== Available data

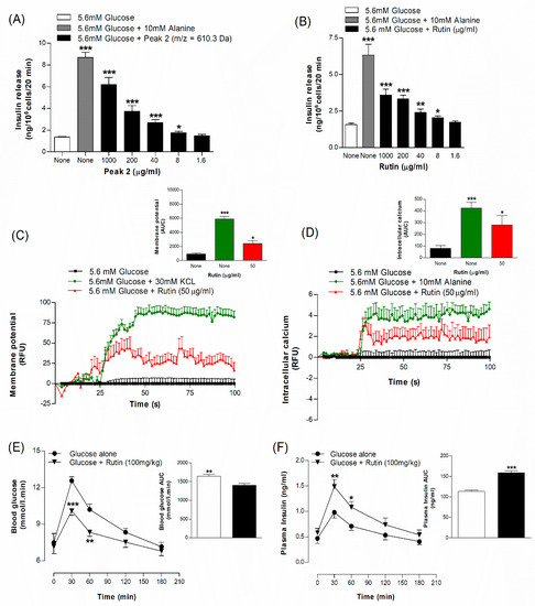 Dose-dependent effects of (A) peak 2 sample of hot water extract of A. squamosa leaves and (B) rutin on insulin release from BRIN-BD11 cells, (C) membrane potential and (D) intracellular calcium expressed as RFU and respective area under the curve, (E) glucose tolerance and (F) plasma insulin. Mice were fasted for 12 h and administered glucose (18 mmol/kg body weight) by oral gavage with or without rutin (100 mg/kg body weight). Values are Mean ± SEM for n = 8 for insulin release, n = 6 for membrane potential and intracellular calcium and n = 7 for glucose tolerance and plasma insulin. * p < 0.05, ** p < 0.01 and *** p < 0.001 compared to control.
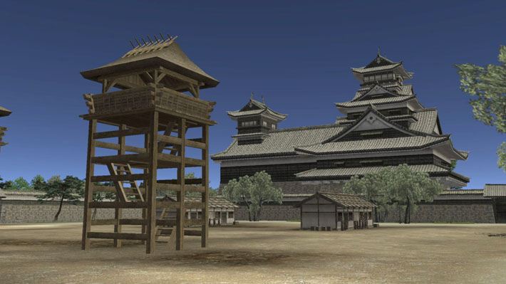 「熊本城」は「武者返し」の名で知られる高い石垣に囲まれ、迷路のような入り組んだ構造になっており、外敵を排除する巡回兵や守備隊、敵の侵入を防ぐ櫓(やぐら)が配置されています。
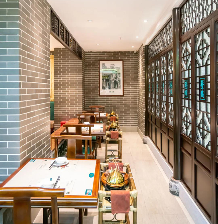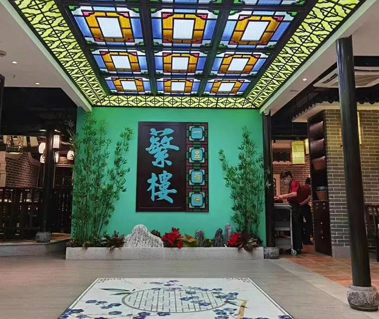 在空間裝飾上,堅(jiān)持將傳統(tǒng)嶺南建筑常用的鑊耳山墻、滿洲窗、廣州老建筑的趟門,具有鮮明地域特色的西關(guān)大屋,廣府人最熟悉的雞公欖,在空間中靈活使用,達(dá)到了一種步移景異,一步一景的空間效果。
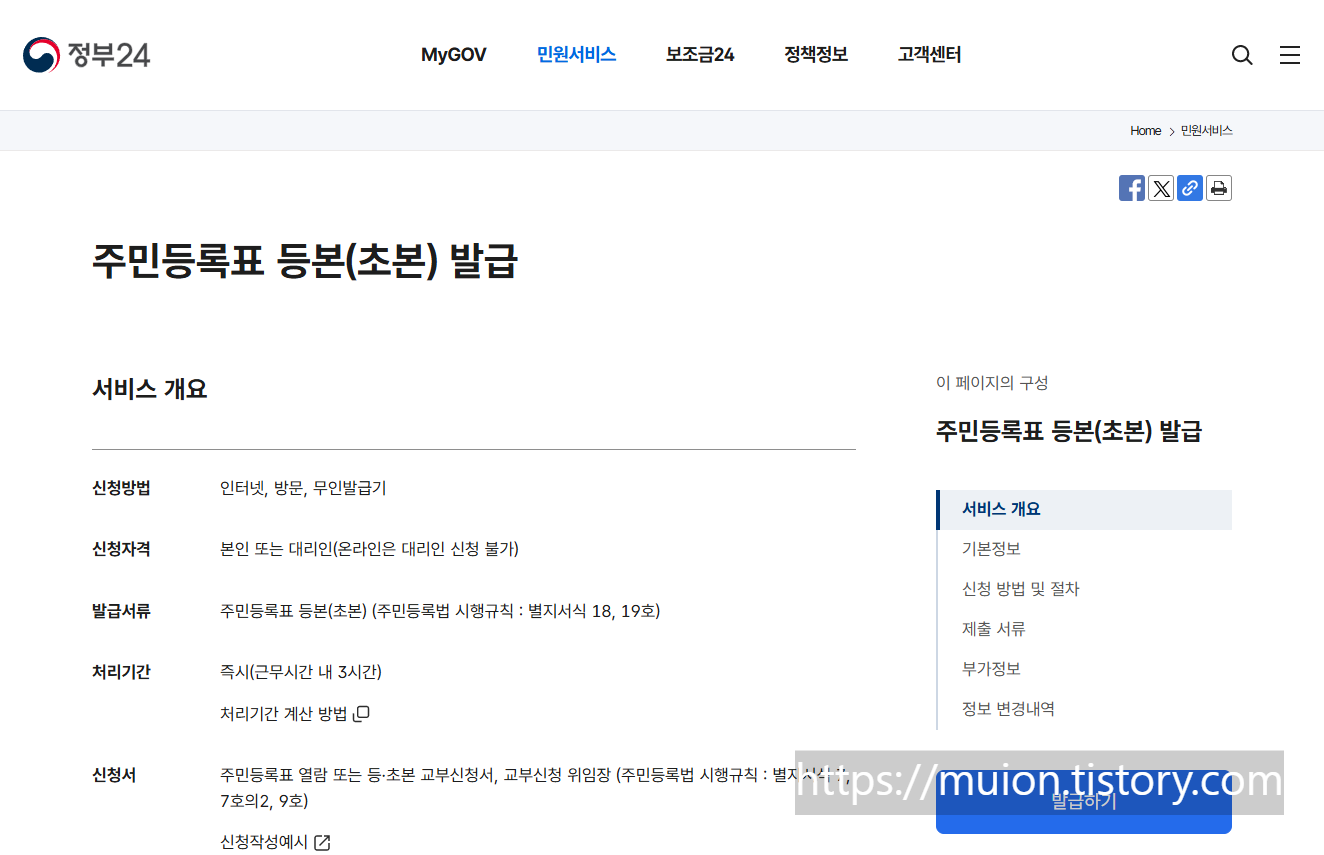 다음에서 정부 24에서 주민등록 등본과 초본 신청방법을 확인하시길 바랍니다.
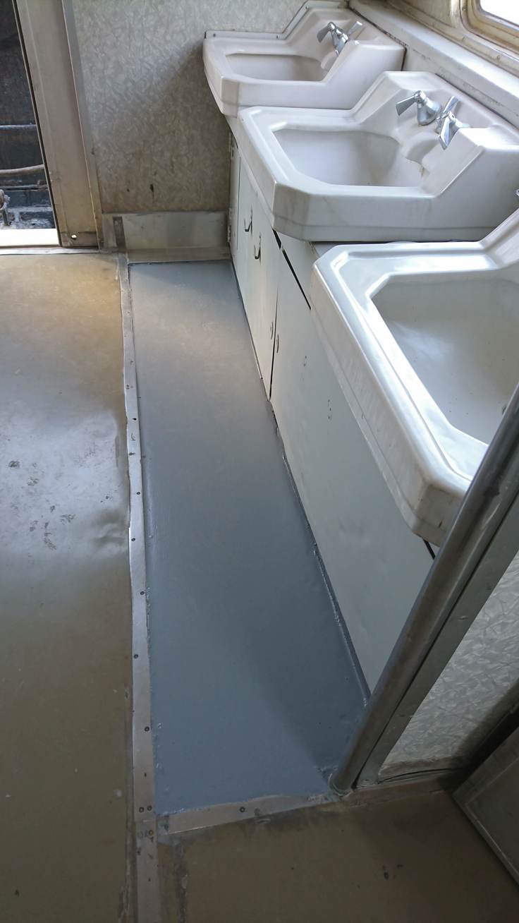洗面台前の床部分も、きれいに塗り直していただきました。こちらも、当初の工事予定になかったもので司機工株式会社様のご厚意によるものです。ありがとうございます。
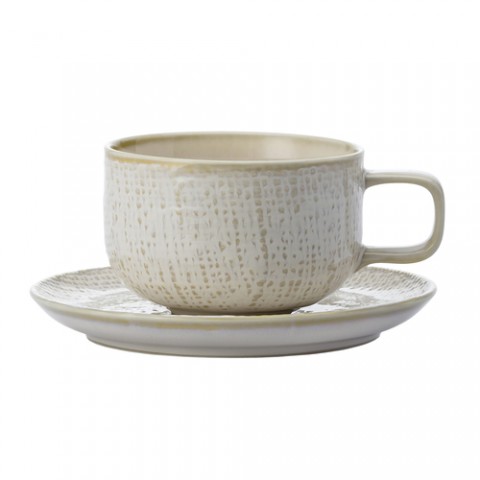Oneida® - Saucer, 5-1/2", round, for 530, woven surface, reactive glaze, tea stained edge, porcelain, white body, Luzerne, Knit (must be purchased in case quantities)
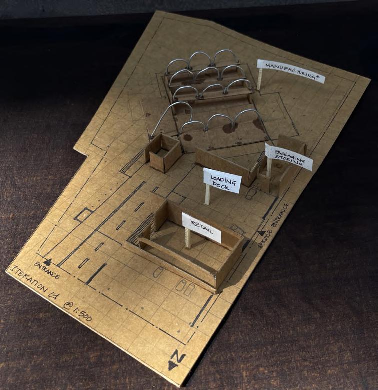 The intents behind this iteration was to create a modular space that ensures the functioning of the industry even before the project was completely built. Alternatively, the project could be built in phases as per the profits incurred and/or to increase production.
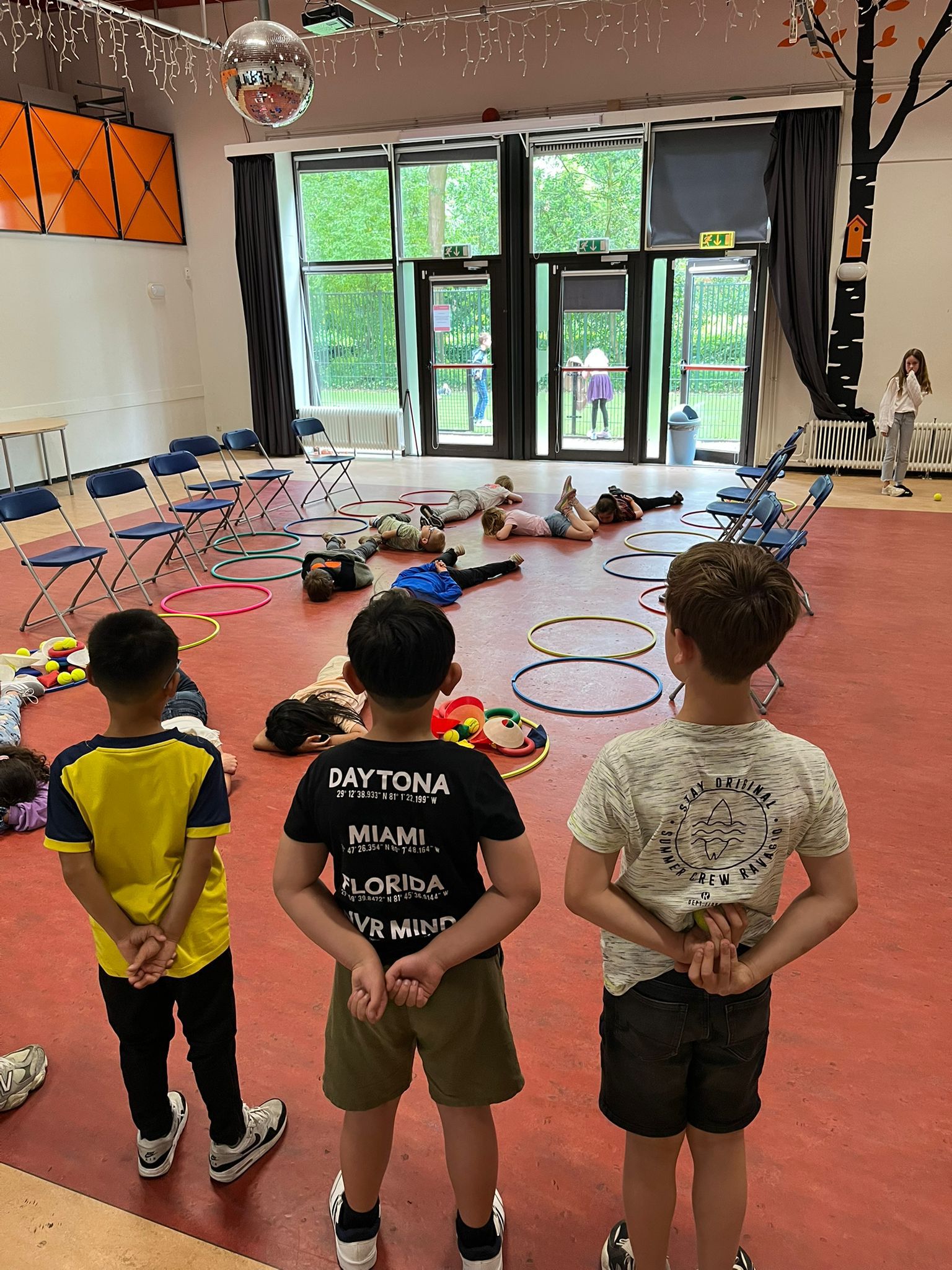 Nadat we onze energie aan hadden gevuld met wat te eten en te drinken 🍌🥛, hebben we een leuk samenwerkingsspel gedaan in de gymzaal.
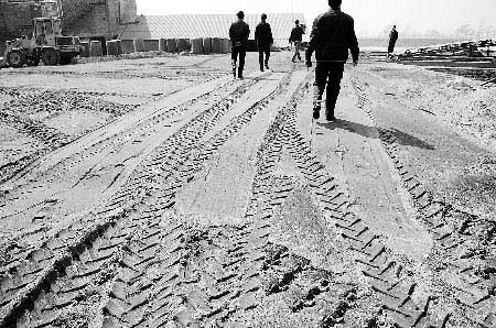 昨日上午10時許,省環(huán)保局監(jiān)察總隊負責人孫自臣帶領執(zhí)法隊員來到一片煙囪林立的磚窯場,穿過一條煙塵滾滾的土路后,執(zhí)法隊員看到在一堆高10多米的礬土礦石后面就是被舉報的土煉制廠。

====

Copy the records above exactly, from the first line through the line containing "在空間裝飾上,堅(jiān)", and leave out the pictures.

## Solution
 Dose-dependent effects of (A) peak 2 sample of hot water extract of A. squamosa leaves and (B) rutin on insulin release from BRIN-BD11 cells, (C) membrane potential and (D) intracellular calcium expressed as RFU and respective area under the curve, (E) glucose tolerance and (F) plasma insulin. Mice were fasted for 12 h and administered glucose (18 mmol/kg body weight) by oral gavage with or without rutin (100 mg/kg body weight). Values are Mean ± SEM for n = 8 for insulin release, n = 6 for membrane potential and intracellular calcium and n = 7 for glucose tolerance and plasma insulin. * p < 0.05, ** p < 0.01 and *** p < 0.001 compared to control.
 「熊本城」は「武者返し」の名で知られる高い石垣に囲まれ、迷路のような入り組んだ構造になっており、外敵を排除する巡回兵や守備隊、敵の侵入を防ぐ櫓(やぐら)が配置されています。
 在空間裝飾上,堅(jiān)持將傳統(tǒng)嶺南建筑常用的鑊耳山墻、滿洲窗、廣州老建筑的趟門,具有鮮明地域特色的西關(guān)大屋,廣府人最熟悉的雞公欖,在空間中靈活使用,達(dá)到了一種步移景異,一步一景的空間效果。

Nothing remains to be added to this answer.